DESCRIPTION OF THE PREFERRED EMBODIMENTS
Referring to FIG. 1, there is shown a apparatus for manufacturing a nonwoven fabric according to an embodiment of the present invention having a spinning unit mainly comprising a melt-blow die 1 and a conveyor 7, and a stretching unit comprising a pair of stretching rollers 12 a, 12 b and pair of withdrawal nip rollers 16 a, 16 b.
The melt-blow die 1 has a plurality of nozzles 3 in its lower distal end which are arrayed in a direction perpendicular to the sheet of FIG. 1. A molten resin 2 delivered from a gear pump (not shown) is extruded from the nozzles 3 to form a plurality of filaments 11. In FIG. 1, the melt-blow die 1 is shown in cross section for a better understanding of its internal structure, and only one of the nozzles 3 is illustrated. The melt-blow die 1 has a pair of air reservoirs 5 a, 5 b disposed one on each side of the nozzles 3. Air heated to a temperature equal to or higher than the melting point of the resin is introduced under pressure into the air reservoirs 5 a, 5 b, from which the air is ejected from slits 6 a, 6 b that communicate with the air reservoirs 5 a, 5 b and are open at the distal end of the melt-blow die 1. The ejected airflow as a high-speed air stream substantially parallel to the filaments 11 that are extruded from the nozzles 3. The high-speed air stream keeps the filaments 11 that are extruded from the nozzles 3 in a draftable molten state. The high-speed air stream applies frictional forces to the filaments 11 to draft the filaments 11 for thereby attenuating the filaments 11. The above mechanism is the same as the mechanism employed in the normal melt-blow process.

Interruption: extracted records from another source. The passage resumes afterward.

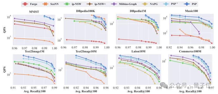 研究团队为了充分测试PSP算法的效果,在8个大规模、高维度的数据集上进行了充分测试。从维度看,DBpedia100K和DBpedia1M分别高达1536和3072维,用OpenAI text-embedding-3-large模型抽取;从数量看,最大的数据集Commerce100M包含1亿数据库点。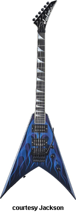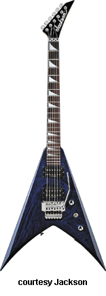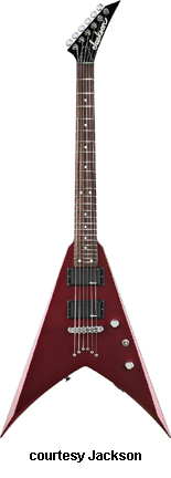 KV2 (KING V STD. MFG. 1993-97) | - V-style poplar body, bolt-on maple neck, 22-fret rosewood fingerboard with pearl dot inlay, double locking Floyd Rose vibrato, 6-on-a-side tuners, black hardware, 2 Jackson humbucker pickups, volume control, 3-position switch, available in Black, Bright Red, Candy Blue, or Snow White finishes, mfg. 1993-97. |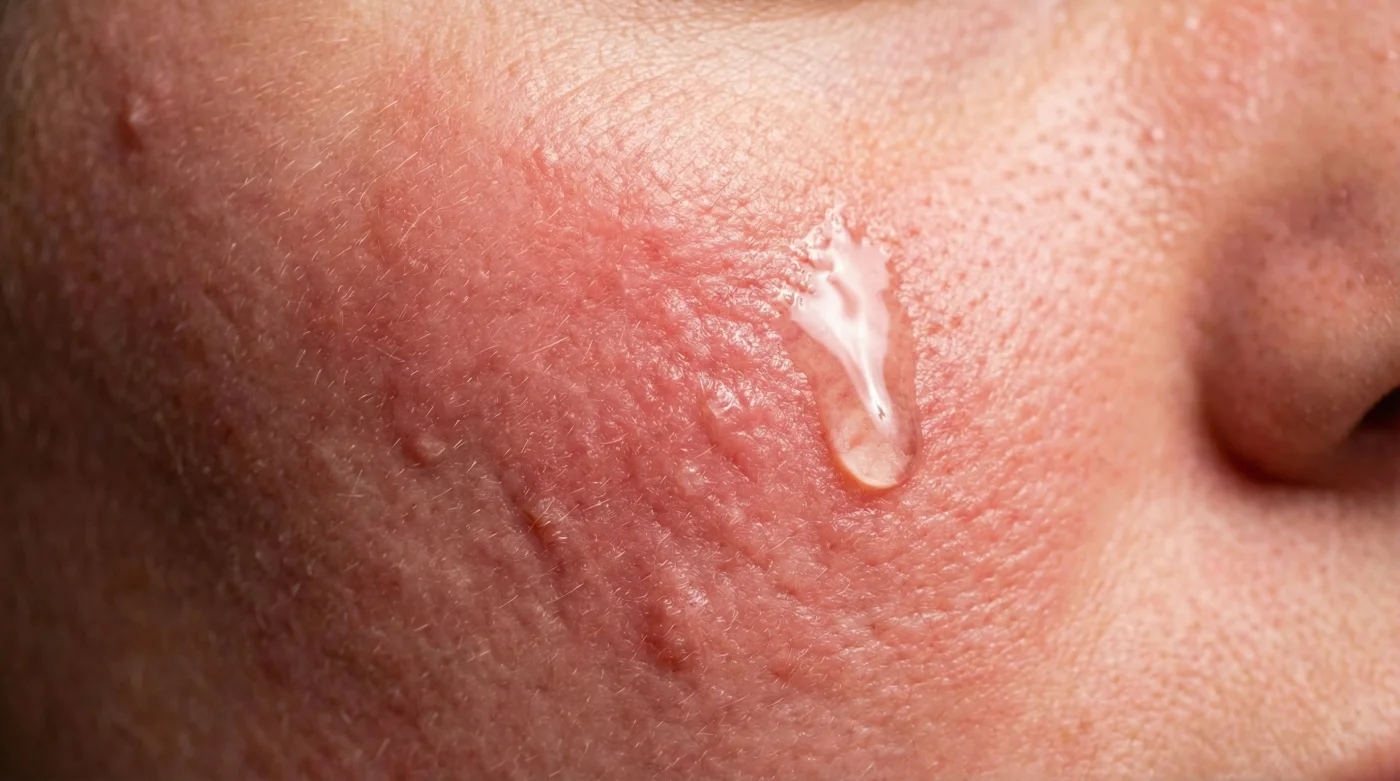 Sekunden später greifst du zum nächsten Fläschchen. Ein saures Peeling, BHA oder vielleicht eine flüssige Milchsäure, um die Poren zu befreien. Plötzlich wird aus dem erwarteten sanften Prickeln ein messerscharfes Stechen. Dein Gesicht brennt wie Feuer, eine hitzige Röte kriecht deinen Hals hinauf, und unter der Hautoberfläche pocht sofort eine schmerzhafte Spannung. Panisch wäschst du alles mit eiskaltem Wasser wieder ab.

The high-speed air stream has a temperature that is higher than the spinning temperature of the filaments 11 by 80° C. or more, or preferably 120° C. or more.
In the process of forming the filaments 11 with the melt-blow die 1, since the temperature of the filaments 11 immediately after they are extruded can be made sufficiently higher than the melting point of the filaments 11 by increasing the temperature of the high-speed air stream, the molecular orientation of the filaments 11 can be reduced.
The conveyor 7 is disposed downwardly of the melt-blow die 1. The conveyor 7 is trained around a conveyor rollers 13 that is rotatable by an actuator (not shown) and other rollers. When the conveyor rollers 13 is rotated about its own axis, the conveyor 7 is driven to deliver the filaments 11 extruded from the nozzles 3 to the right in FIG. 1.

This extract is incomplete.